WaterDiff
WaterDiff: Underwater Image Enhancement Latent Diffusion Model based on Mamba and Transmission Map Guidance
Install / Use
/learn @Guan-MS/WaterDiffREADME
WaterDiff: Underwater Image Enhancement Latent Diffusion Model based on Mamba and Transmission Map Guidance
Meisheng Guan, Haiyong Xu, Gangyi Jiang, Mei Yu, Xuebo Zhang, Yeyao Chen and Ting Luo
Abstract
Underwater imaging is affected by absorption and SCAtering, leading to issues such as low contrast, poor clarity, color deviation, and haze. To address these problems, we propose a Mamba-based latent diffusion model (LDM) for underwater image enhancement, named WaterDiff, which leverages the potential of LDM and the guidance provided by the transmission map. To alleviate the substantial computational cost incurred by pixel-based diffusion recovery, a latent-based method is utilized, whereby the degraded underwater image is first transformed by a feature encoder and then restored in the compact latent space. However, two main issues are identified that limit the performance of LDM-based methods. First, the compression of the latent space tends to produce reconstruction distortions. Second, existing diffusion models primarily leverage the convolutional neural network (CNN) or Transformer architectures as the denoising network. Unfortunately, CNN lacks the ability to capture global receptive fields, resulting in suboptimal prediction performance, whereas Transformers exhibit excellent global modeling capabilities at the expense of quadratic time complexity with respect to image size, leading to substantial computational overhead. To address these challenges, two key components are proposed: (i) a feature encoder that extracts the multiscale features enhanced in the decoder to reduce distortions; (ii) Mamba encoder with linear complexity and transmission map guidance module integrated into the noise predictor to extract structural information, which enables more powerful latent-based image enhancement without significantly increasing inference costs. The experimental results demonstrate the superiority of the proposed WaterDiff and effectiveness of its modules. The code is publicly available at: https://github.com/Guan-MS/WaterDiff
Overview

Dependencies and Installation
This codebase was tested with the following environment configurations. It may work with other versions.
- Ubuntu 20.04
- CUDA 11.7
- Python 3.9
- PyTorch 2.0.1 + cu117
Previous installation
To use the selective scan with efficient hard-ware design, the mamba_ssm library is needed to install with the folllowing command.

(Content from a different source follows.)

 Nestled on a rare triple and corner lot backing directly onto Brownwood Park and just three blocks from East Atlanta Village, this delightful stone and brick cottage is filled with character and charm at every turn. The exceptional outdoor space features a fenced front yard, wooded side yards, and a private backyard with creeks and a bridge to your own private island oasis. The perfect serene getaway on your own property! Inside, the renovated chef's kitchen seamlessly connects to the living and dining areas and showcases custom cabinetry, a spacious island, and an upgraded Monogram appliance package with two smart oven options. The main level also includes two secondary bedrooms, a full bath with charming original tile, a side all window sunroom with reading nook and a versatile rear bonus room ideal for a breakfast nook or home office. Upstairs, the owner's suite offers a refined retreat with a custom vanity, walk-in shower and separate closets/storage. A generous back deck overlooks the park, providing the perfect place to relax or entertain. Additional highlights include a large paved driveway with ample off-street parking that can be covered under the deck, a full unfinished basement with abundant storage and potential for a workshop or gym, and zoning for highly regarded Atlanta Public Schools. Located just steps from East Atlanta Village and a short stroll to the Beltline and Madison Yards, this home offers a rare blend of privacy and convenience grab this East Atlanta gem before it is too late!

pip install causal_conv1d==1.0.0
pip install mamba_ssm==1.0.1
See environment.yaml for requirements on packages. Simple installation:
conda env create -f environment.yaml
Pre-trained Model
If this paper is accepted, we will publish the code for the main framework.
The pre-trained model can be downloaded from here, and its corresponding config file is this yaml.
Preparing datasets
Datasets:
(1) UIEB (UIE): Data
(2) SQUID (UIE): Data
(3) UICoD (UIE): Data
(4) U45(UIE): Data
To make use of the evaluate.py and the files in ldm/data/, the dataset folder names should be lower-case and structured as follows.
WaterDiff
├─ other files and folders
├─ dataset
│ ├─ demo_data
│ │ ├─ train_data
│ │ │ ├─ input
│ │ │ │ ├─ fig1.png
│ │ │ │ ├─ ...
│ │ │ ├─ target
│ │ │ │ ├─ fig1.png
│ │ │ │ ├─ ...
│ │ ├─ test_data
│ │ │ │ ├─ ...
Training
WaterDiff is trained in two stages, where the VQUGAN and the mamba-UNet are trained separately.
VQUGAN
python main.py --base configs/autoencoder/vq_f16×16×3.yaml -t --gpus 0,
Denoising mamba-UNet
python main.py --base configs/ldm/mamba-f16-c256-unet -t --gpus 0,
These will create a logs/ folder within which the corresonding directories are created for each experiment. The log files from training include checkpoints, images and tensorboard loggings.
To resume from a checkpoint file, simply use the --resume argument in main.py to specify the checkpoint.
Acknowledgement
Our code is adapted from the original latent-diffusion and LDMVFI repository. We thank the authors for sharing their code.